Eye disease: “A subset of patients taking SSRIs reports nonspecific visual disturbances…SSRIs may increase intraocular pressure and lead to the emergence of angle-closure glaucoma…A nested case-control study found a higher likelihood of cataracts after exposure to newer generation antidepressants.”

Hormonal imbalance: “Long-standing increases in peripheral prolactin levels are occasionally observed in patients using ADs, including SSRIs [208] ; hyperprolactinemia may have deleterious health consequences (e.g. a decrease in BMD [bone mineral density] and hypogonadism).”

Pregnancy/Breastfeeding risk: “Most of the data describing the presence of birth defects associated with SSRI use have been based on observational studies and drug registries. Therefore, the clinical significance of these data is questionable.”

Cancer risk: “Preclinical studies have found that antidepressants can increase the growth of fibrosarcomas and melanomas, and may also promote mammary carcinogenesis.”

Whew! Now that’s depressing. And why don’t you know about these? Because your doctor doesn’t. I recently learned of a patient who was prescribed an antidepressant simultaneous to an antibiotic “just in case the antibiotic caused depression or mood changes”. We are trained to treat these medications as a “why not” application of pharmacology, and the truth is that, as the authors state:

the history of toxicology reminds us vividly of the lag that often occurs between the first approval of a drug for use in humans and the recognition of certain adverse events from that drug.”

Taking these risks seems all the more unecessary with the robust outcomes of lifestyle medicine – multimodal, multi-tier interventions that are low cost, immediately available, and side effect free. As the authors conclude:

The findings of this review suggest that long-term treatment with new generation ADs should be avoided if alternative treatments are available.”

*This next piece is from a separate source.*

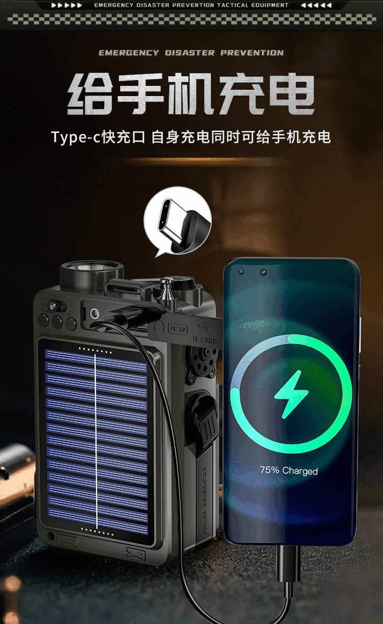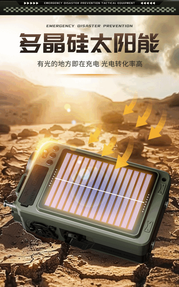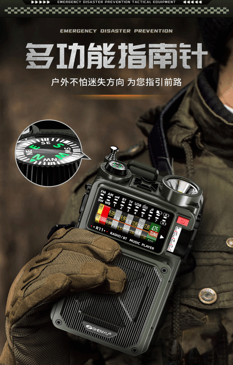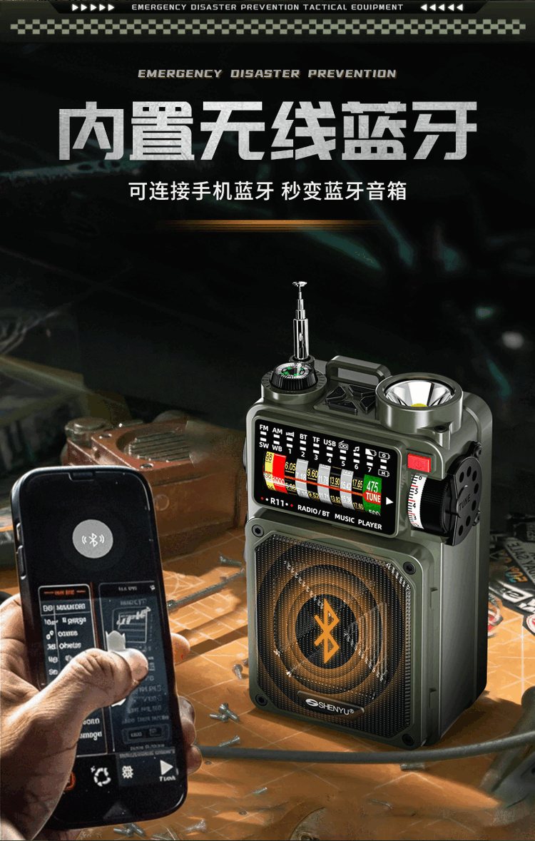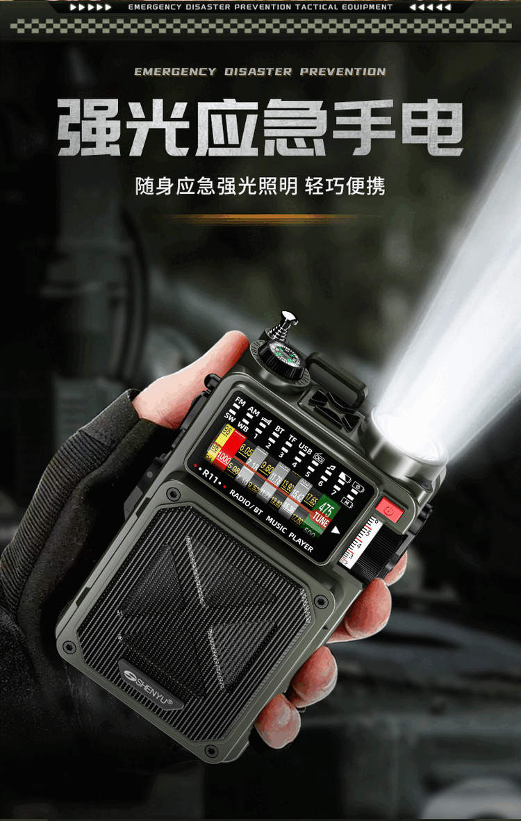 煦凛【德国】手摇发电收音机手电筒防震减灾应急多功能太阳能强光超亮 【顶配】蓝牙+指南针+SOS+可插U盘

I would have to agree and affirm that these “alternative” treatments are indeed available. These treatments offer not only resolution of symptoms and elimination/avoidance of meds, but an entirely new experience of self. This is not about getting “back to normal,” it’s about integration, evolution, and vitality. I’ve been working for several years to make self-healing toolkits available to everyone considering an antidepressant or looking to come off of one for less than the price of one doctor visit. Check it out!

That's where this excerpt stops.